Avalanche Forecast
Issued: Apr 15th, 2015 9:14AM
The alpine rating is Storm Slabs, Loose Wet and Cornices.
, the treeline rating is , and the below treeline rating is Known problems includeSummary
Confidence
Fair - Due to the number of field observations
Weather Forecast
A ridge of high pressure should keep the region dry and mostly sunny until Friday afternoon. On Thursday, expect sunny conditions with light alpine winds and freezing levels reaching over 2000m in the afternoon. On Friday, increasing cloudiness is expected during the day with alpine winds progressively increasing to moderate from the SW. Freezing levels are forecast to be around 1500m in the morning and around 2500m in the afternoon. On Friday afternoon or evening, a weak frontal system is forecast to reach the region. Models are currently showing 2-4mm of precipitation. By Saturday morning, the system should have passed and mostly sunny conditions are expected by Saturday afternoon. Freezing levels are expected to stay high for the weekend.
Avalanche Summary
On Tuesday, a natural cornice failure triggered a size 2 slab avalanche on the slope below. Three size 1-1.5 skier triggered avalanches were also reported. Two of these were triggered remotely with the furthest being triggered from 100m away. Several remotely triggered avalanches have been reported recently as well as whumphing and wide propagations. These indicate that the weak layer below the storm snow has been very reactive in some areas.
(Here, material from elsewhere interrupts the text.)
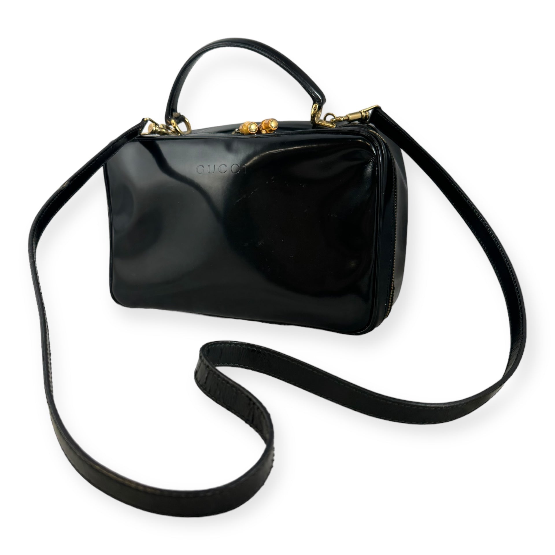 This is an authentic GUCCI Vintage Bamboo Top Handle Bag in Black. This vintage bag is expertly made with high-quality leather and luxurious gold-toned hardware. It includes a comfortable top handle, a removable shoulder strap, a secure top zipper closure with signature bamboo zipper pulls, and a stylish black leather interior with a convenient zipper pocket.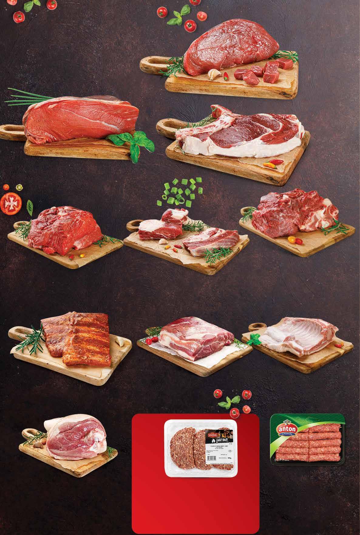 00,99 2499 kn 3,32 € 00,99 3699 kn 4,91 € 00,99 6199 kn 8,23 € 00,99 6499 kn 8,63 € 00,99 2699 kn 3,58 € 00,99 2199 kn 2,92 € Odojak i prasetina za pečenje na pultu 1 kg 00,99 4199 kn 5,57 € Juneća rebra i prsa s kostima na pultu 1 kg Juneća lopatica bez kosti na pultu 1 kg Juneći vrat s kosti u komadu ili narezan na pultu 1 kg00,99 6199 kn 8,23 € 00,99 4899 kn 6,50 € Svinjski vrat s kostima u komadu ili narezan na pultu 1 kg 00,99 2399 kn 3,18 € Juneći vrat bez kosti u komadu ili narezan na pultu 1 kg Juneća leđa s kostima u komadu ili narezano na pultu 1 kg 00,99 5099 kn 6,77 € Juneći but bez kosti na pultu 1 kg Svinjska marinirana rebra vakuum pakiranje 1 kg marinirano MESAR ANTON IZ KAMNIKA Leskovački ćevapčići 450 g 1 kg = 48,87 kn 1 kg = 6,49 € Svinjska koljenica s kostima za pečenje i kuhanje svježa na pultu 1 kg 00,99 1699 kn 2,25 € VAJDA Pljeskavica punjena šunkom i sirom 465 g 1 kg = 53,74 kn 1 kg = 7,14 € BEZ KOSTI BEZ KOSTI Fotografije proizvoda ne moraju u potpunosti odgovarati stvarnom izgledu proizvoda. Kupnja je moguća samo u količinama primjerenim za kućanstvo. Sve navedene cijene izražene su u kunama i eurima s PDV-om. Fiksni tečaj konverzije €/kn: 7,53450. Ne odgovaramo za tiskarske pogreške.14

Over the weekend, natural, human-triggered, and explosive-triggered storm slab avalanches up to size 2.5 were ongoing. Towards the southern parts of the region that received less recent snowfall, wind slabs in specific areas have been the primary concern. Solar triggered slab avalanches, cornice releases, and loose wet sluffing are all expected to have occurred on Wednesday. On Thursday, the same types of solar related activity are expected. If a supportive crust forms Wednesday night, stability will begin to improve. Human-triggering remains a major concern at higher elevations, especially north facing terrain where the storm slab is unaffected by the sun on Wednesday.
Snowpack Summary
The sun on Wednesday is expected to have melted the snow surface at lower elevations and on sun-exposed slopes into the alpine. A new surface crust is expected form as temperatures drop overnight. 20-60cm of recent snowfall overlies a weak layer that was buried on Friday. This weak layer typically consists of surface hoar and facets overlying a melt-freeze crust that exists everywhere except high elevation north-facing terrain. Recent snowfall amounts are highest in the north of the region and taper off to south. In exposed alpine terrain, strong SW winds have redistributed the recent storm snow forming thicker wind slabs in leeward features. Large cornices exist in the alpine and may become weak with daytime warming. There are three dormant persistent weak layers that we are continuing to track. The late-March crust is down 50-70cm and was reactive last week during the warm period. The mid-March and mid-February layers are typically down between 70 and 100cm and have been dormant for several weeks. These layers have the potential to wake up with sustained warming, a significant rain event, and/or a big cornice fall.
Problems
Storm Slabs
Aspects: All aspects.
Elevations: Alpine, Treeline.
Likelihood
Expected Size
Loose Wet
Aspects: North, North East, East, South East.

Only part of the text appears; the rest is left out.